Strong evidence that the market has bottomed and that a more balanced housing market is emerging in many parts of the U.S. can be found in the latest HouseHunt Current Market Conditions survey data reported during the first quarter of 2010. Although uneven, the results show prices have stabilized after steep declines over the past two to four years and in some cases are actually appreciating despite the drag of foreclosures, short sales, job uncertainties and reluctant lenders.
Perhaps the most positive news is that the buyer-seller ratio is almost dead even in HouseHunt's national random survey of member-agents. Also important, repeat buyers now represent 50% of all transactions with first-time buyers when investors are factored into the equation. Three months ago, repeat buyers accounted for only 34% of home purchases. The normal ratio is two-thirds repeat buyers.
Improvement is also seen in the average time needed to sell a home. Fifty-two percent of HouseHunt's member-agents report that their customers received 95 to 100% of their asking prices. Another 35% said they received more than 90%.
"From the member-agents I talk to, there seems to be a sense the market has hit bottom and sales activity is continuing to pick up," observes Michael Bearden, president and CEO of HouseHunt, Inc. "Business is by no means easy but is getting better and more reliable. Our lead flow remains good with plenty of interest in real estate. Consumer demand is building, especially from repeat and move-up buyers. The federal $8,000 and $6,000 first-time buyer tax credits approved by Congress last year were strong motivators for fence-sitters to do something. Any increase in current mortgage interest rates could stimulate additional buyer activity this summer and fall."
When individual agents were asked if the housing market has bottomed in their communities, their opinions ranged from "yes" to a flat "no." A majority of them agreed that more personal contact with customers is needed, both by phone and by e-mail, to meet changing market demands. Here's a sampling:
"I'm definitely trying to spend more time being in touch with my customers," said Steve Hinrichs of Edina Realty, who with his partner Jean O'Reilly are agents in Maple Grove and Rogers, MN, in the suburban Minneapolis area. "I'm currently offering to update my customers on a monthly or quarterly basis on homes that have sold in their communities. It keeps me in front of them and allows me to see what is going on in their areas. As far as local market activity, our focus has been on first-time buyers. We're seeing a little price growth in some areas but will know better in a month or two. Our market will come back. Our biggest problem right now is consumer confidence. People are nervous and unsure about their jobs and the economy. I try to be honest and forthright with them. Trust is of utmost importance now."
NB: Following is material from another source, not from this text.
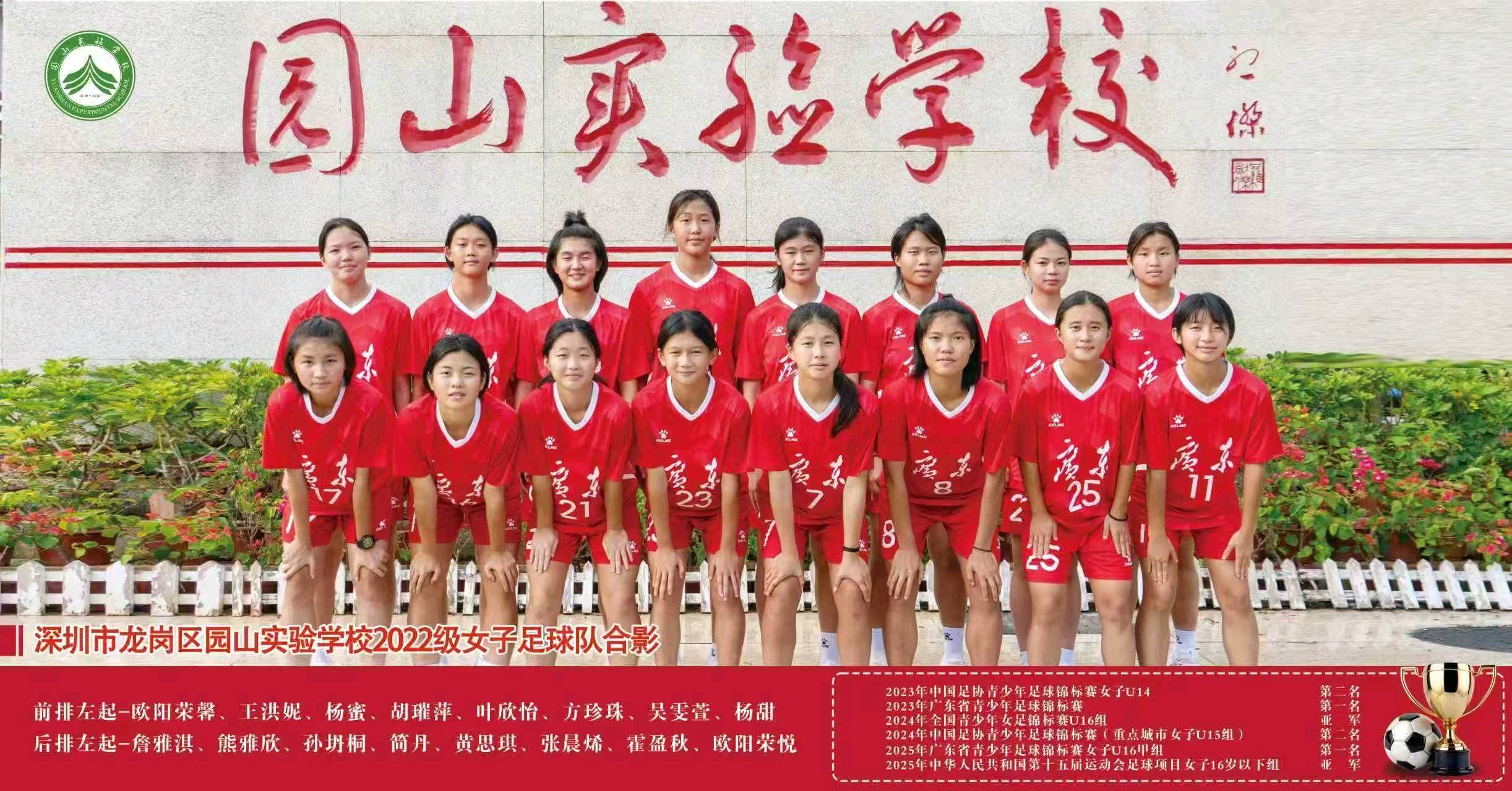 2025年以来,园山实验学校女足屡创佳绩:以球队队员为核心的中国U16女足,荣获法国“蒙太古杯”国际足球邀请赛亚军;以该校为主要班底组建的广东U16女足,斩获第十五届全运会亚军;球队自身还摘得广东省青少年足球锦标赛女子U16甲组冠军。此外,球队还向中国U17女足输送了叶欣怡、方珍珠、欧阳荣馨等多名优秀队员,成为校园足球人才培养的典范。

Geri Boyer of Altura Real Estate Group in Laguna Beach, CA, said she is seeing a stabilization of prices but expects a little more price dropping through the end of the year. "The activity is out there," she said, "but our biggest problem is getting loans for my buyers. Competition from second home buyers and investors is also keen for properties in the $350,000 range. Recently, I had a listing on a bank-owned property that attracted 33 offers. It sold for $100,000 over the list price. First-time buyers are being outbid any investors with cash." Boyer added: "I'm doing everything different to compete in this market. I've had to reinvent myself."
Dealing with the lenders is also a big problem for Alexia Gallagher of Keller Williams Realty Atlanta Partners in Suwanee, South Forsyth County and Cumming, GA. "The majority of buyers who come to us are looking for deals, so we're looking at foreclosures, short sales and distressed properties. Our biggest problem is getting banks to be reasonable and to get them to respond in a timely manner. We have been in multiple bidding wars. It's a different market." She noted: "I think as far as value goes, we probably have bottomed out price-wise. Our inventory of unsold homes is down quite a bit, which is very good. We've had a surplus of inventory with lots of new construction. We continue to have a record number of foreclosures as well. So we have a mixed market with some positive signs and some negative signs."
Not convinced that the housing market has bottomed is Barry Newman of Century21 M.B. in Glenview, IL, a suburb of Chicago. "I feel that we're over-inventoried. I also have a hard time believing that there are as many buyers as sellers out there. I had a great December and January, then things started to dry up, which was disappointing." Newman continued: "One thing I am doing to be more effective in this market is to talk more with my customers rather than e-mail them. I now see that talking directly to people is the best way to go. It's better to be in front of your customers than communicating the way I have been doing."